Richard stepped out of his house at the same time, as if to go shopping.

In all the time that she’d been living next door to him, she had yet to meet his wife, but she’d heard voices, just fairly strange voices. Doreen looked over at him and asked, “Hey, you were here twenty to thirty years ago, weren’t you, Richard?” When he stopped and glared at her, she shrugged. “Do you remember any of the missing persons from back then?”

His brows drew together. “You’ve got another case?” he asked in astonishment.

“Maybe, we’ve got a couple people missing, plus a bloody garden bed where a third person may have been killed. I’m looking into all three, but clues are hard to find, as they go back as far as fifty years, twenty-five years, and then twenty-or-so years. I was thinking that I could potentially help bring some closure to the families.”

He nodded, yet frowned. “I’ve got to admit that it felt good for my brother to get that closure.”

“Exactly,” she agreed, “and he wasn’t alone in that. Other people are still suffering.”

“ Hmm .” Richard came closer, still staying on his side of the property line. “Who went missing?”

“We’ve got Jack Mahoney from twenty-or-so years ago,” she replied. “And you heard about the woman who was recently shot in Glenmore?”

He nodded. “I heard briefly, but what about it?”

“That was Lynda, Lynda Mahoney, daughter to Jack. She was here looking for her father again. She last saw him in Merritt some twenty-odd years ago.”

Richard stared at her. “Seriously?”

“Yeah.” Doreen sighed. “Apparently Lynda had seen him there, but he’d left and went on his way. She thought he went missing from Kelowna, but it could also be as far up as Kamloops.”

“That would be good if it was Kamloops,” Richard muttered, frowning at her. “The last thing we need is more bad press about people going missing from here.”

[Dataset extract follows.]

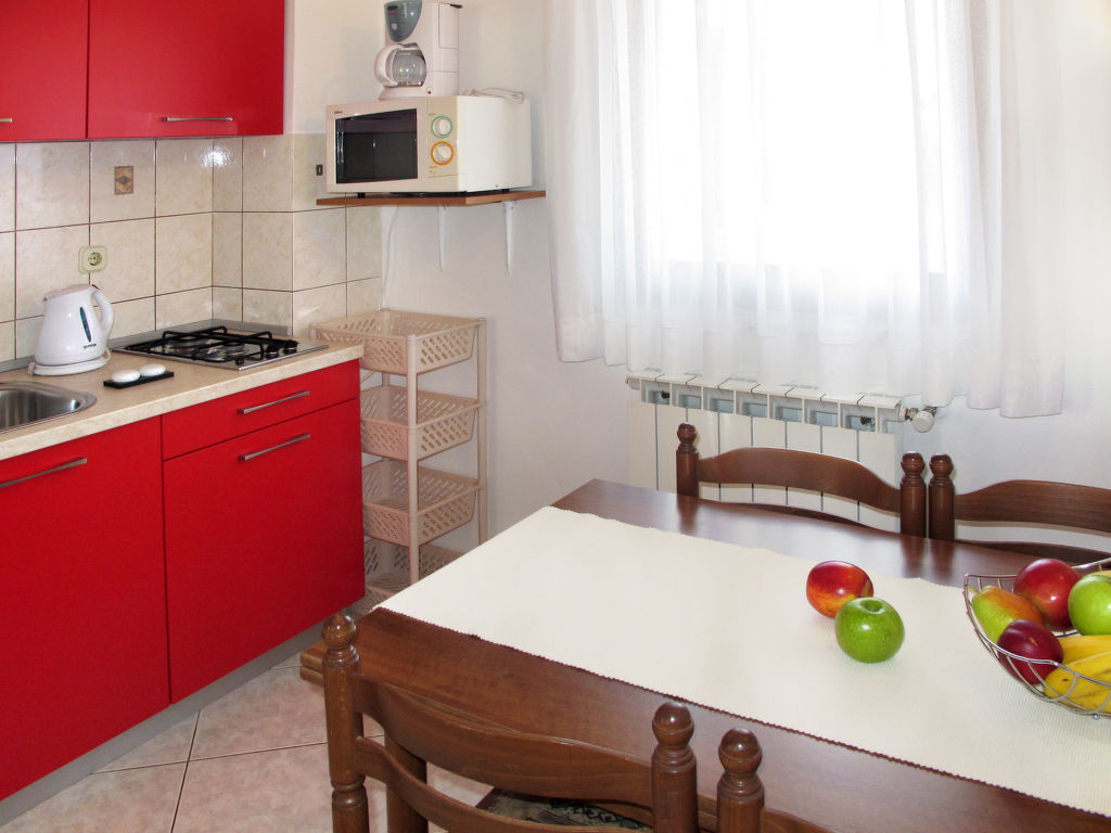 "Laura (MDN106)", 3-Zimmer-Wohnung 36 m2 im 1. Stock. Wohn-/Esszimmer mit Sat-TV und Klimaanlage. Ausgang zum Balkon. 1 Zimmer mit 1 Doppelbett. 1 Zimmer mit 1 x 2 Etagenbetten. Offene Küche (2 Flammen, Toaster, Wasserkocher, Mikrowelle, elektrische Kaffeemaschine). Dusche/WC. Balkon 10 m2. Balkonmöbel. Zur Verfügung: Safe, Bügeleisen. Internet (Wireless LAN, gratis). Bitte beachten: Nichtraucher-Haus. Eigener Eingang.

“Oh, I agree,” she replied. “You’ll get absolutely no argument from me on that.”

He snorted at that. “You’re just happy to have another case.”

“No, not necessarily. The oldest one of the three I’m focusing on was Bartlet Jones, who went missing fifty years ago. Both Mahoney and Jones were referenced in Solomon’s files.”

“Oh,” Richard said, as if that changed things completely. He shook his head. “Solomon was a good man,” he stated.

Just something about that change in his tone made her realize how much validity Richard felt because the information came from Solomon. Doreen agreed. “He was, indeed, and I consider it such an honor that he gave me his files.”

“He must have trusted you,” Richard noted, sounding grumpy now. He glanced at her. “I do remember something about Bartlet. He went to work one day and disappeared. Or was that the other case you just did?”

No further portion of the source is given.